EFFICIENCY and SPEED drive innovation in tech.
When Justin Liu and I started exploring healthcare, I noticed how manual data entry and outdated processes were slowing down an industry that should already be leveraging AI for greater efficiency.
It is notoriously difficult to build software for Healthcare. Why? Every electronic medical record (EMR) system is different:
✔️ Data Formats Vary
✔️ Workflows Aren’t Standardized
✔️ Resistance to Change Is High
Traditional software struggles to keep up because it requires deep integration with fragmented systems, massive data reconciliation efforts, and ongoing maintenance to remain functional.
But AI, particularly large language models (LLMs), is changing this. Instead of rebuilding healthcare’s fragmented infrastructure, we can layer AI on top of existing systems, creating a standardized abstraction that works across multiple platforms—without forcing providers to rip and replace their workflows.
Pre-bill chart reviews are an essential yet highly inefficient part of the healthcare providers revenue cycle. Every provider does it for every patient visit, yet the process is still manual, slow, and error-prone, leading to missed revenue opportunities, claim denials, and compliance risks.
Here’s where LLMs and AI-powered automation fundamentally change the game:
✅ AI doesn’t need to rebuild the system—it adapts to it
Instead of forcing providers to adopt yet another rigid software tool, AI can work on top of existing EMRs, analyzing documentation, identifying coding gaps, and ensuring compliance in real time—without requiring deep system integrations.

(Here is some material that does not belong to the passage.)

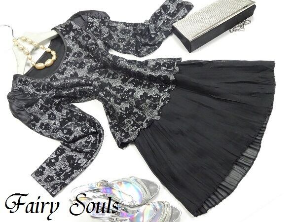 繊細なシルバ-の刺繍に上品なプリ-ツがとてもとてもオシャレで、しぐさを優雅に見せてくれる贅沢なお洋服です。ファスナ-なし。 裏地有り。

✅ AI can process and standardize unstructured data across multiple EMRs
Traditional software requires painstaking data mapping between systems. AI-powered models can interpret, extract, and structure information from different sources, making pre-bill chart review faster and more consistent across multiple provider networks.

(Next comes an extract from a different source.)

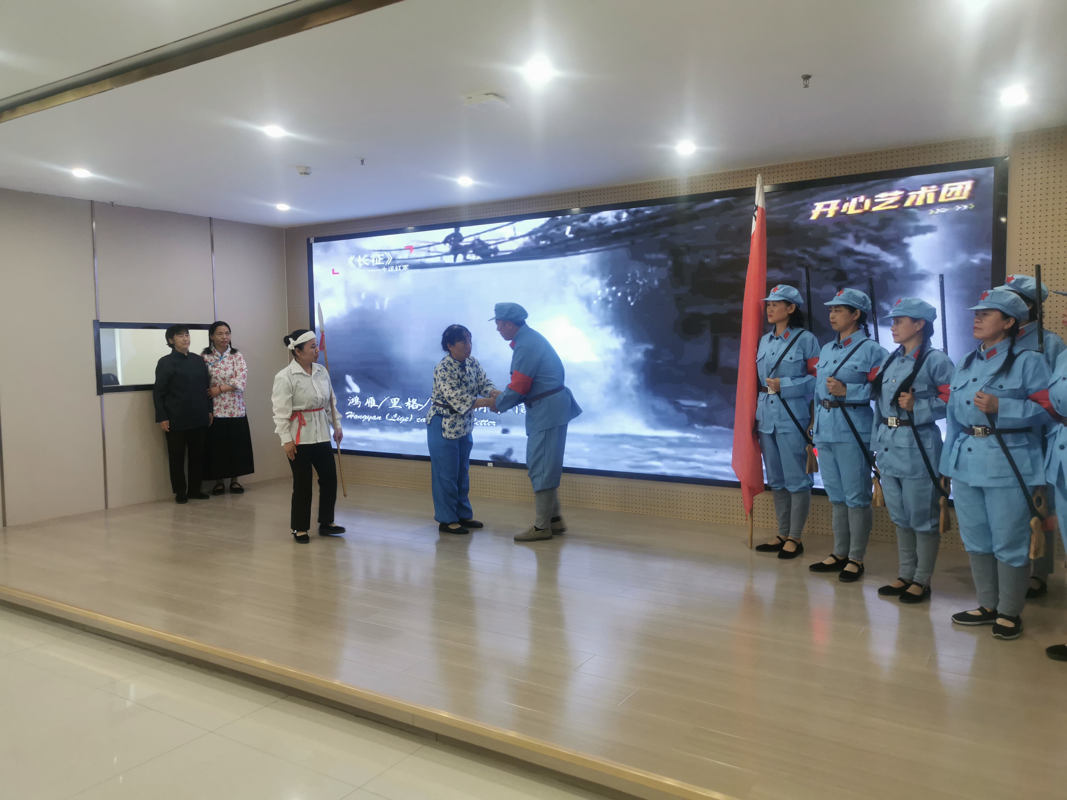 緊接著,舞臺上的大屏幕開始播放《回顧百年黨史》的視頻。

✅ AI can be customized at scale—without retraining on millions of data points
Instead of rebuilding models from scratch for each healthcare system, LLMs can be customized through instruction-based learning, enabling providers to fine-tune workflows without massive training datasets. This means quicker deployments, higher adaptability, and lower costs compared to traditional AI approaches.

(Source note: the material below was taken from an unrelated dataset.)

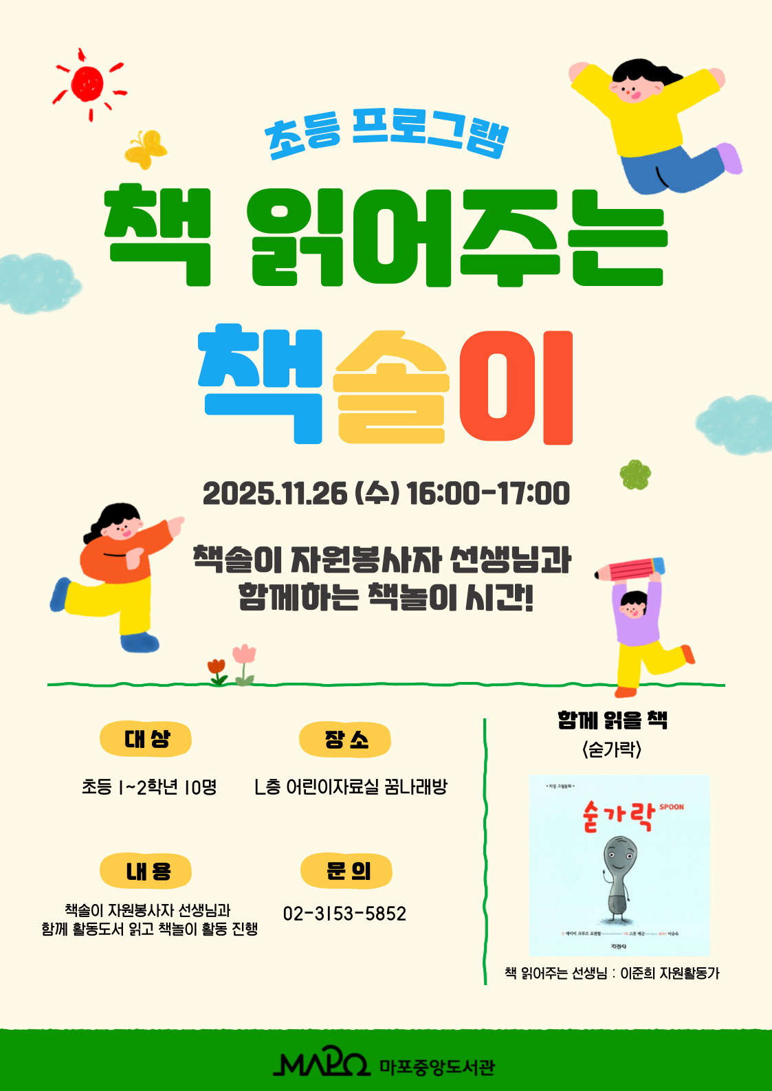*자녀 성함으로 신청해주세요* <책 읽어주는 책솔이 '초등' 5회차> ■ 일시 : 2025. 11. 26. 수요일 16:00~17:00 ■ 장소 : 마포중앙도서관 L층 어린이자료실 꿈나래방 ■ 대상 : 초등 1~2학년 10명 ■ 활동 : 「숟가락」함께 읽고, 책 놀이 활동 진행 ■ 문의 : 02-3153-5852 ■ 참고사항 - 불참 시, 프로그램 전날까지 취소 연락바랍니다. |

Tackling pre-bill chart review with AI is about more than just efficiency—it’s about creating a scalable foundation for automation in healthcare. By focusing on a high-frequency, high-impact process, we’re proving that AI can seamlessly integrate into complex systems, adapt to provider workflows, and deliver measurable improvements in speed and accuracy.
That’s why at Charta Health, we’re not just building software—we’re building AI-native infrastructure to fix healthcare’s deepest inefficiencies at scale.